Читать книгу «Как я была Пинкертоном. Театральный детектив» онлайн полностью📖 — Фаины Раневской — MyBook.
image





Следом за свиньями из-под рухнувшего эпического полотна вылез не менее грязный и тощий автор и принялся зло пинать опору. Оказалось, картина держалась не очень крепко, Суриковичу даже пришлось подпирать ее собственным плечом, а когда местные свиньи, принимавшие грязевые ванны, вдруг заинтересовались происходящим на дороге и подрыли столбик, сооружение рухнуло.

Давно мы так не смеялись.

Потом было все: и приветственные речи, и цветы, и подарки, в основном столь же нелепые, как изделие Суриковича…

Происшествие сыграло на руку нам, позволив Лизе изобразить Павлинову без особых стараний. Просьбе Альфреда Никодимовича перенести начало концерта на час позже гадюкинцы отказать не посмели. Мы вернулись на пароход и смогли перевести дух до самого выступления. Теперь оставалось ждать приезда Тютелькина с Павлиновой.


Чтобы не маяться ожиданием (хуже нет – ждать и догонять!), мы с Гваделуповым отправились обозревать местные достопримечательности. Таковых не было только с точки зрения придирчивых снобов. При желании в каждом уездном городе (и не только уездном или губернском, но и в самой столице) можно найти столько занятного, что лишь успевай примечать или записывать. Гваделупов предпочитал второе, при нем всегда имелся карандаш и старый блокнот.



Обожаю читать вывески и объявления. Иногда кажется, что те, кто их создавал, не дружат с умом. Первое же объявление на пристани, гласившее: «Посадка пассажиров на пароходы начинается за 30 минут до их прибытия», вызвало гомерический хохот Гваделупова, который повторялся еще не раз за время нашей прогулки. Объяснение матроса на пристани все расставило по местам: на причал провожающих не пускают, их предпочитают отсеивать заранее. Таким образом, за полчаса до очередного парохода начинается пропуск пассажиров через небольшую калитку-накопитель, который у местных так и называется – «посадка на пароходы». Обойти ограждение ничего не стоит, но гадюкинцы – люди ответственные, предпочитают стоять в очереди, которая, впрочем, не бывает длинней пяти-шести человек.

На главной улице (как водится, проспекте Коминтерна) в окне старого магазина висело пожелтевшее от возраста и посеревшее от пыли свадебное платье, а вывеска у входа сообщала: «Лучшие в городе свадебные платьи и фаты. Постоянным клиенткам – низкая цена». Меня впечатлили «платьи» и «фаты», а Гваделупова – низкая цена постоянных клиенток.

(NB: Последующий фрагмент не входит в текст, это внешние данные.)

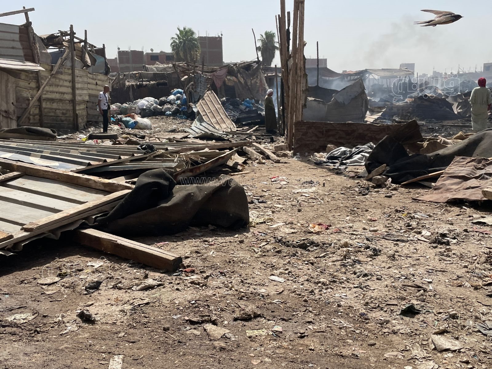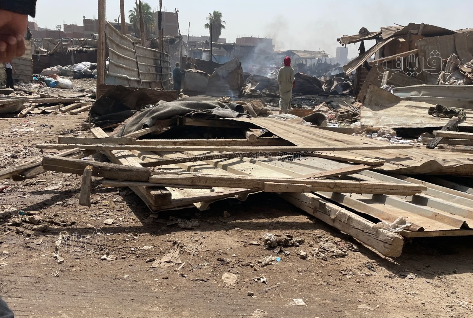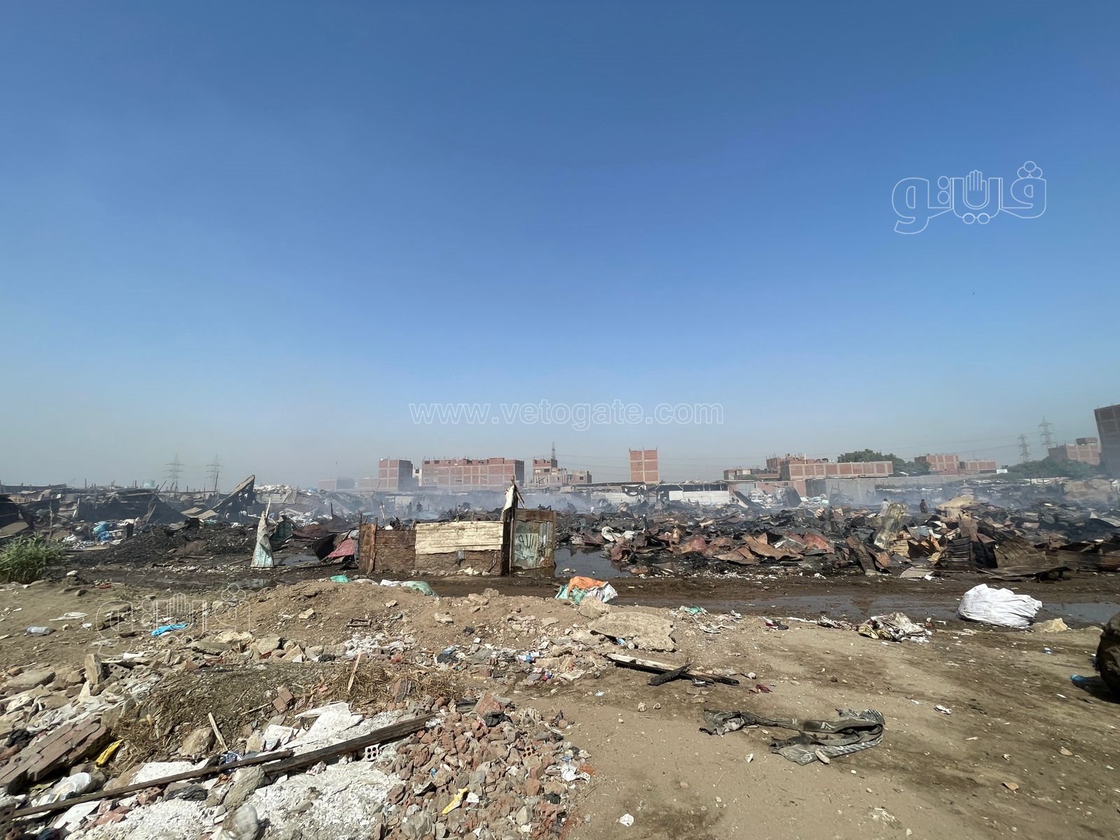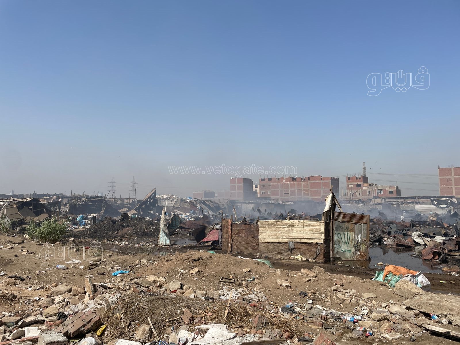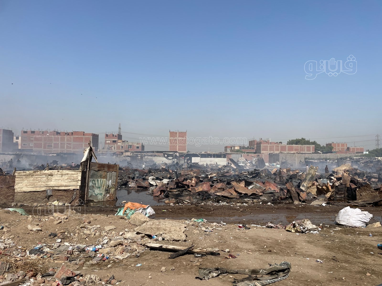 رصدت عدسة “فيتو” آثار حريق هائل اندلع في مجموعة عشش بمنطقة الزرايب بالبراجيل.
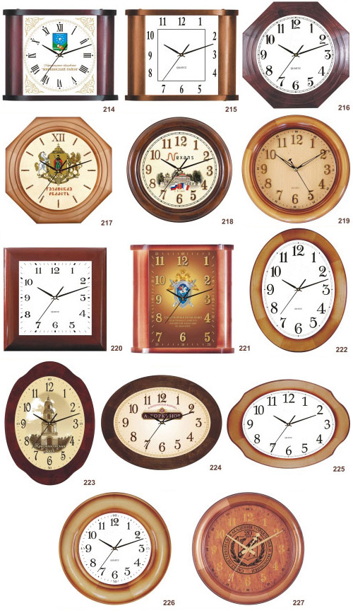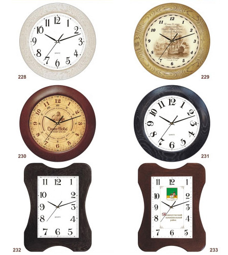 Часы в деревянном корпусе – это классика жанра. Они отлично смотрятся в любом дизайне, за исключением современных стилей техно и хай-тек, однако и здесь они способны немного оживить обстановку, если их правильно подобрать. Сегодня деревянные часы, выполненные на заказ, являются отличным подарком на любом мероприятии. Особенно если на них изображен логотип или просто пожелание. Человек каждый раз будет вспоминать о вас, когда посмотрит на эти часы. Возможности использования. Деревянные хронометры можно использовать как подарок или просто как украшение в комнате, которое придаст уюта и солидности. Однако кроме этого такие часы являются отличной рекламной площадкой. Если часы в деревянном корпусе подарить на презентации, то есть довольно большая вероятность, если они сделаны стильно и ненавязчиво, что они найдут свое место на стене у того кому их подарили. После этого они долгие годы будут делать узнаваемым логотип подарившего. Особенности конструкции деревянных хронометров. Конструкция, которую имеют деревянные хронометры, может быть самой разнообразной, от старинной маятниковой до ультрасовременной. Каждый заказчик может самостоятельно выбрать как конструкцию и дизайн, которые будут использоваться в деревянных часах, так и сам вид дерева, из которого они будут изготовлены. Заказав часы у нашей компании, вы получаете гарантию качества и долговечности, ведь мы уже не первый год занимаемся производством часов разной конструкции и направленности. Наша продукция всегда имеет хорошее качество и долговечность.

Вообще, тема бракосочетания явно была в Гадюкино актуальна, как и похоронная: магазинов и контор, предлагающих товары и услуги подобного рода, мы встретили еще немало.

«Шью свадебные фраки и похоронные костюмы на заказ. Срок вместе с примеркой – две недели».

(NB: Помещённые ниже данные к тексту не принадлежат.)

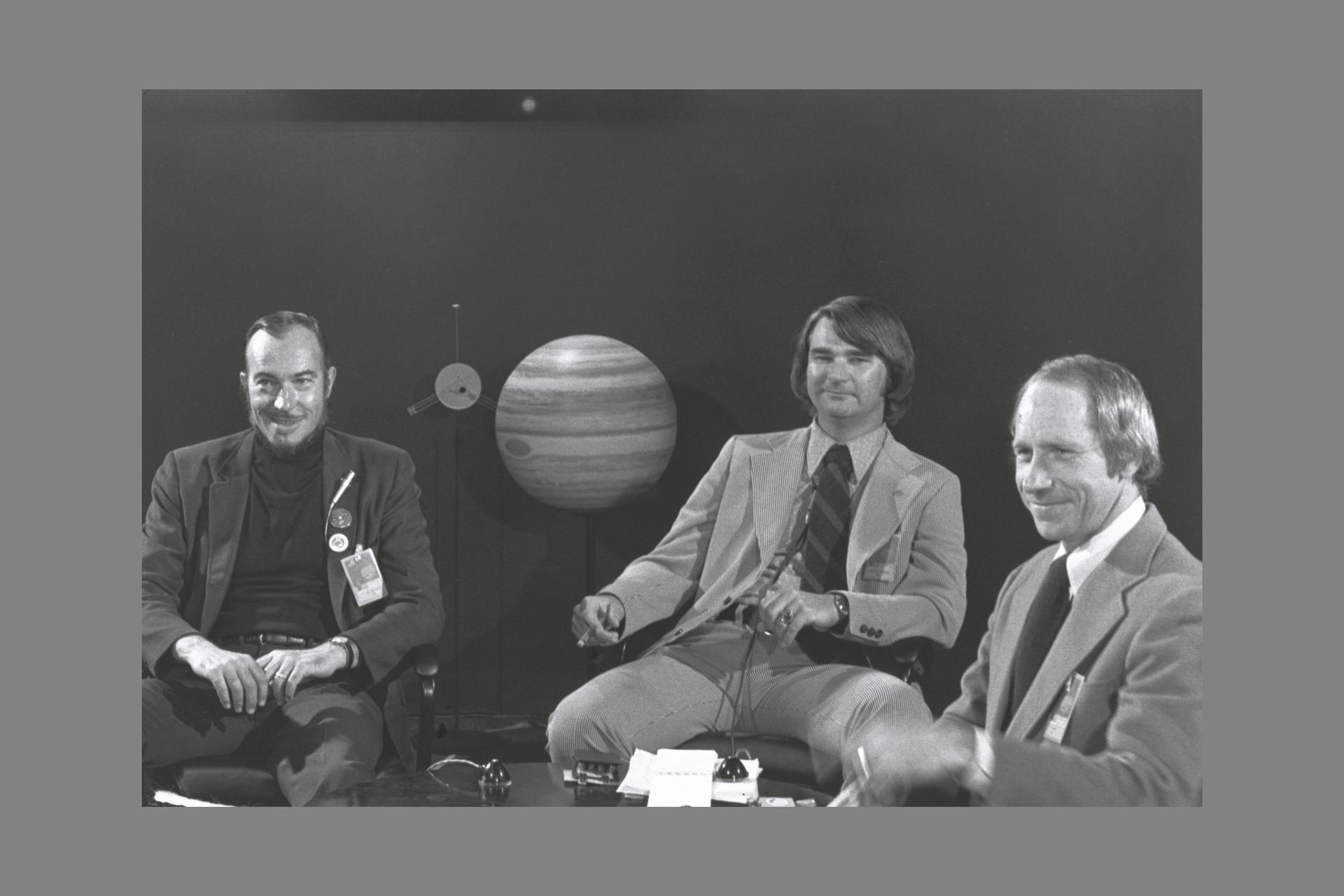 Pioneer 10 and 11 Missions Jupiter encounters - Activities at Ames Research Center December 1973 and December 1974 - As a memento of the highly successful Pioneer 10 and 11 missions to Jupiter, this collection of photographs represents a sampling of those taken at Ames Research Center during the Jupiter encounter periods in December 1973 and December 1974. The captions for these photographs are meant to suggest the lighter side of the intense activities that took place during these periods. I would like to express my gratitude to all participants in the Pioneer 10/11 program for their teamwork in accomplishing the scientific and technical objectives of the Pioneer 10 and 11 missions to Jupiter. (signed) Charles F. Hall - Manager, Pioneer Project L-R: Dr. John H Wolfe, Robert R Nunamaker, Alfred M. Worden

Контора, называвшаяся «Торжество», на своей вывеске предлагала организовать свадьбу или похороны по выбору заказчика и сообщала, что оркестр уже входит в оплату.

Остолбенели мы у конторы с вывеской «Заказные убийства». Даже не сразу увидели, что ниже более мелким шрифтом старательно выведено: «Мыши, тараканы и прочее». Еще ниже кто-то от руки приписал: «Тещи, родственники, соседи…»

Объявление у конторы местной страховой компании убеждало: «Опасайтесь арфистов и мошенников». Нам понадобилось некоторое время, чтобы понять, что аферистов спутали с арфистами.

По поводу такого объявления: «ПВВ торгую днем и ночью» – пришлось обратиться к местному жителю за консультацией. Тот махнул рукой:

– Это баба Клава.

– Чем торгует-то?

Мужик нашей недогадливости удивился:

– Написано же: пиво, вино, водка.

Гваделупов, в восторге от местного творчества, был готов расцеловать любого горожанина, если бы те не жались опасливо к заборам при виде его мощной фигуры и при звуках громоподобного голоса.

– Я в Тарасюках плакат видел, откуда-то привезли и гордились им: «Переходя улицу, оглядись, чтобы не попасть под машину!»

– И что в этом такого?

– Где в Тарасюках машины?

Он прав, в Тарасюках не то что автомобиля – извозчика не увидишь, в лучшем случае лошадь с телегой, опасаться которых при переходе улицы, конечно, стоило, но не так уж сильно.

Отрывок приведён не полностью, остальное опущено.